2. Les documents justificatifs des éléments de rapprochement doivent être joints au rapprochement bancaire correspondant. Ces documents peuvent inclure une liste des chèques en circulation, des dépôts en transit et d’autres documents pertinents.

3. Le cas échéant, une écriture doit être créée au journal central pour enregistrer la réconciliation des éléments qui apparaissent sur le relevé bancaire, mais ne sont pas enregistrés dans le grand livre de l’organisation.

4. La préparation du rapprochement bancaire doit toujours commencer par le solde d’ouverture reporté du rapprochement précédent et se terminer par un solde redressé qui corresponde au solde de clôture du relevé bancaire.
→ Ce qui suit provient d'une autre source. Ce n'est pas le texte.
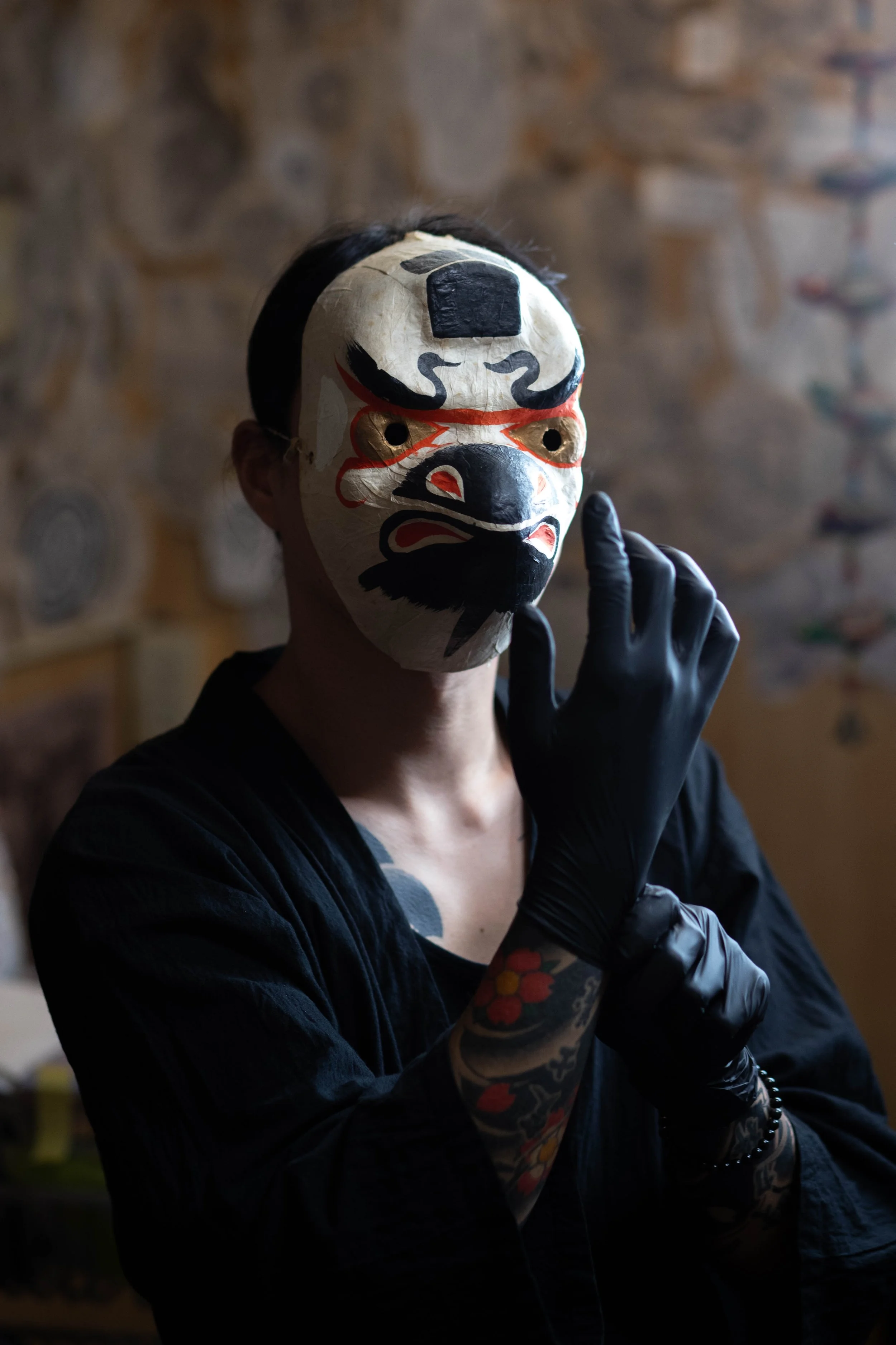 keywords: tokyo, japan, tattoo artist, japanese, moody, portraits, mask, identity, brand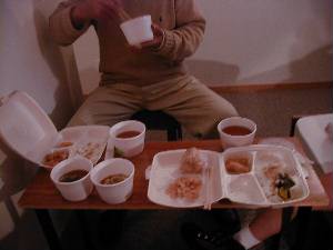 グリンデルワルトに帰ると夕食を食べに出る。と、ホテルの前に和食を売っている屋台が出ているではないか。おにぎりとのり弁当、うどん、お茶を売っていた。ここで一通り買って、ホテルに持ち帰り、食べる事にした。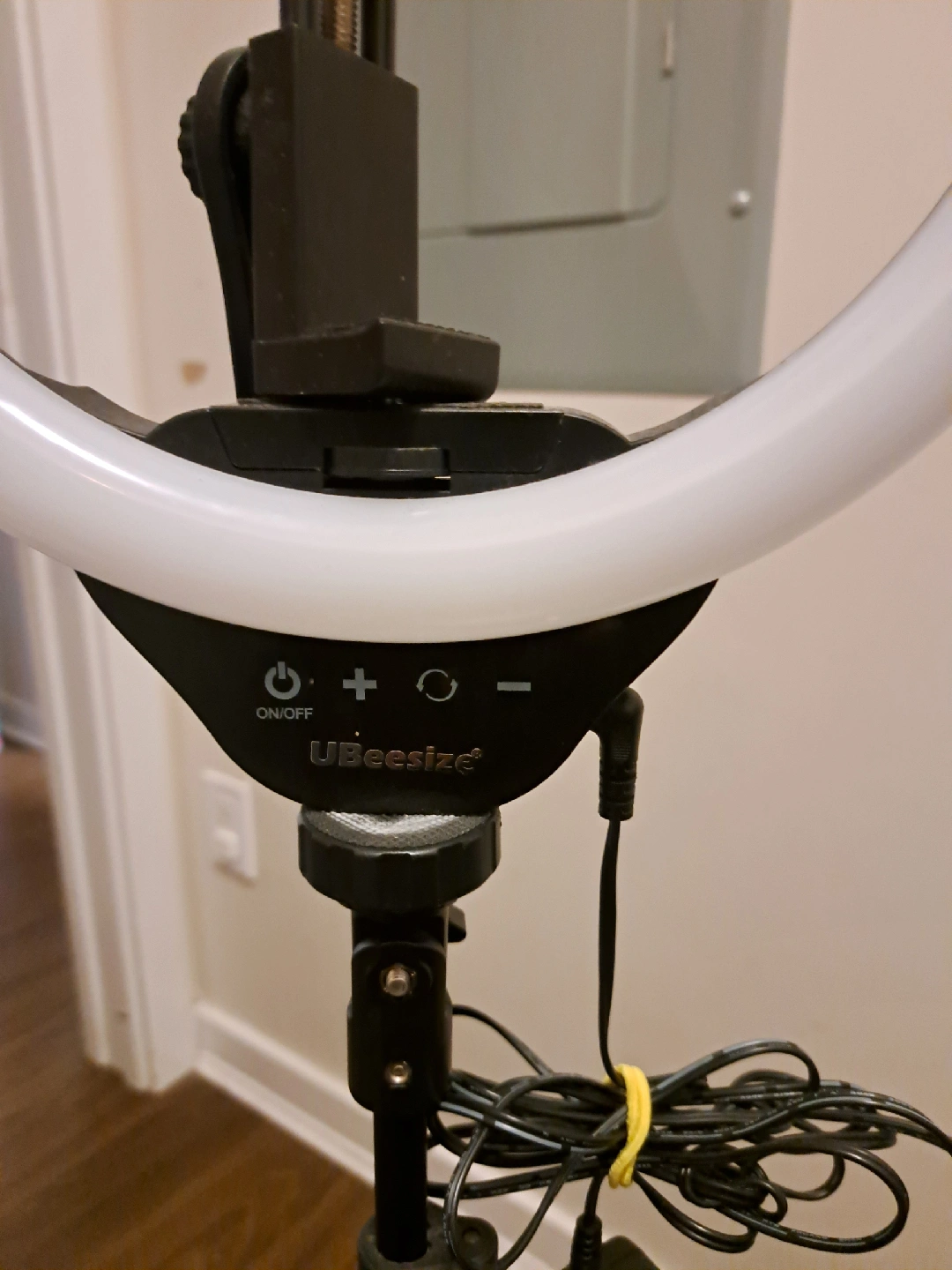 Selling a UBeesize selfie ring light that comes with a tripod stand. It's perfect for video recording or taking photos. It's in great condition and ready for a new home!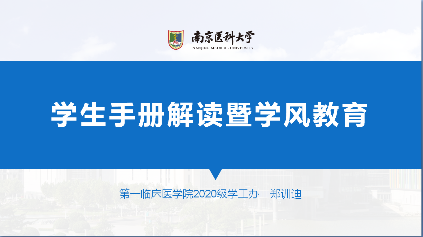 11月26日晚,第一临床医学院2020级学工办组织新生通过线上讲座的形式集中学习“新生学习学生手册解读暨学风教育”,由20级辅导员郑训迪老师主讲,2020级新生在线参加。

5. Les éléments de rapprochement identifiés pendant le processus du rapprochement bancaire doivent être traités au cours du mois suivant. Le directeur financier doit effectuer un suivi si un élément de rapprochement apparaît durant deux mois d’affilée.

6. La direction doit prendre des mesures adéquates pour les écarts inconciliables ou non identifiés au cours du processus de rapprochement bancaire.

7. Tous les chèques de décaissement qui sont en suspens depuis plus d’une période déterminée (par exemple, trois ou six mois) doivent être annulés et remplacés.